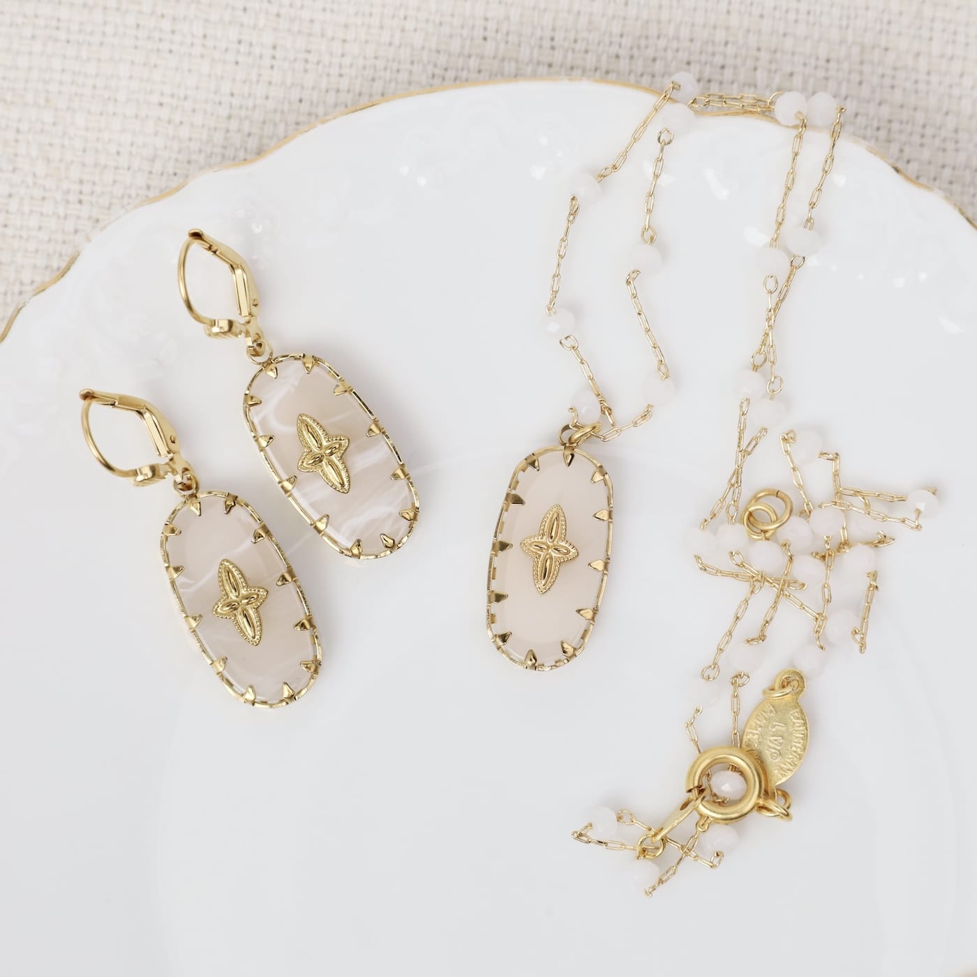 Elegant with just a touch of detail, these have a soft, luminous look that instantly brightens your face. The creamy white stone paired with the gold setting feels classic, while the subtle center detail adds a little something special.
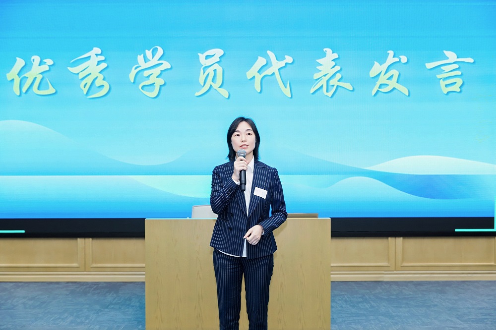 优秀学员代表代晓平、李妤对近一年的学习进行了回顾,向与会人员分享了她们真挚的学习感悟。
...
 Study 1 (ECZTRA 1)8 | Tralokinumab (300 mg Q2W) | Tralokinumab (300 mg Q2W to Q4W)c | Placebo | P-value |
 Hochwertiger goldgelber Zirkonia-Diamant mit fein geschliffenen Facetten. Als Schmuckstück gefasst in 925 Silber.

Task instructions =
Among the entries above, take the lines from the one with "Elegant with just" through the one with "优秀学员代表代晓平、李妤对近" and retype them exactly, leaving out the pictures.

Answer to this problem =
 Elegant with just a touch of detail, these have a soft, luminous look that instantly brightens your face. The creamy white stone paired with the gold setting feels classic, while the subtle center detail adds a little something special.
 优秀学员代表代晓平、李妤对近一年的学习进行了回顾,向与会人员分享了她们真挚的学习感悟。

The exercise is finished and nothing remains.